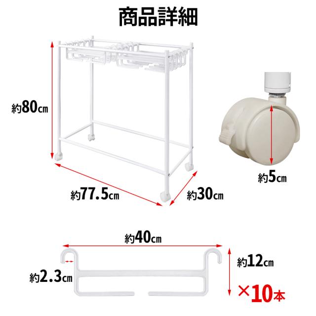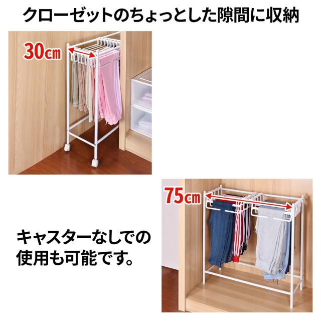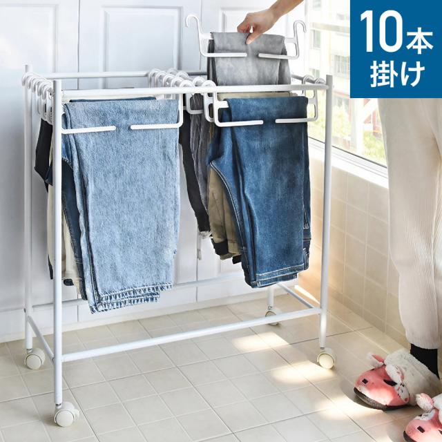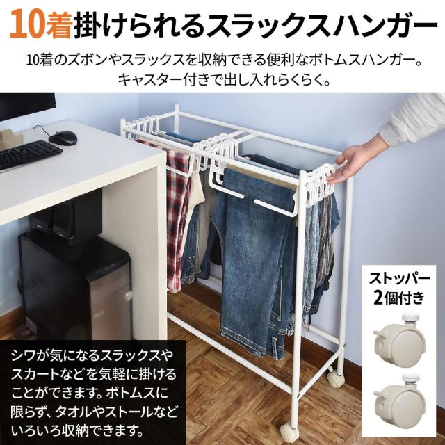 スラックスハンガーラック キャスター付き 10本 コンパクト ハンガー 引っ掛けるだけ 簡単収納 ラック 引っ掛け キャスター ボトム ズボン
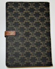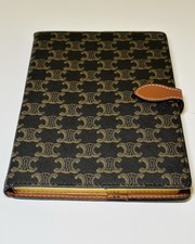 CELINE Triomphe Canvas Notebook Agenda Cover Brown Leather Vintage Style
--
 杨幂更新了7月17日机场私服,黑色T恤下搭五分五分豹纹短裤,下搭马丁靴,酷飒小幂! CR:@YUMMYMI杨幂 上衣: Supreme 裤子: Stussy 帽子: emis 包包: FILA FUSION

• [Exercise prompt]
Within the listing above, print exactly the stretch beginning at the line that contains "スラックスハンガーラック キャスター付き 10本" and finishing at the line that contains "CELINE Triomphe Canvas", ends kept, pictures left out, and nothing more.

• [Task answer]
 スラックスハンガーラック キャスター付き 10本 コンパクト ハンガー 引っ掛けるだけ 簡単収納 ラック 引っ掛け キャスター ボトム ズボン
 CELINE Triomphe Canvas Notebook Agenda Cover Brown Leather Vintage Style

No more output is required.